Cuando presas aquello que tú mismo lanzas


todo es habilidad
y triunfo perdonables,
sólo cuando de improviso atrapas la pelota
que una compañera eterna de juego te arroja,
y tu centro, con precisión suma,
se transforma
en uno de esos arcos del gran puente de Dios,
sólo entonces será virtud el apresar
- no tu virtud, la del mundo. Y aun
si tuvieras fuerza y valor para lanzar de nuevo...
no, más asombroso aún: si olvidaras valor y fuerza
y ya hubieras lanzado de nuevo...
como el año lanza los pájaros,
las bandadas de pájaros viajeros que un calor extinto arroja
hacia un calor joven,
sobre los mares,
sólo en esta aventura jugarías con agrado.

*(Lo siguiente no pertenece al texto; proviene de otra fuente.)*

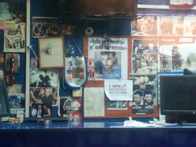 Εικόνα μέσα από το κατάστημα της οικογένειας Παντελίδη. Σε περίοπτη θέση βρίσκεται φωτογραφία του καλλιτέχνη με τη φράση “Ήρθα να αγωνιστώ γι’ αυτό που αγαπάω”!
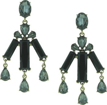 Crystals create unique chandelier earrings that add geometric style to any dressy look.
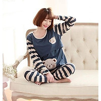Bộ Đồ Bầu Sau Sinh, Bộ Gấu Dài Tay Mặc Nhà Cho Mẹ, Quần Chỉnh Chun, Size Rộng
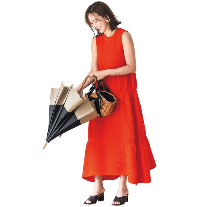 夏らしいビタミンカラーのフレアワンピにシックなバイカラーが着こなしを引き締める

No te facilitas el lanzamiento ya,
No te lo dificultas ya.
Sale de tus manos el meteoro
y vuela por sus espacios.
(Rilke, Späte Gedichte.)

Cuando los pensadores y los poetas señalan con tanta profundidad humana hacia la
poderosa significación del juego, debiéramos recordar aquellas otras palabras: que
no podremos entrar en el reino de los cielos, si no nos hacemos como niños.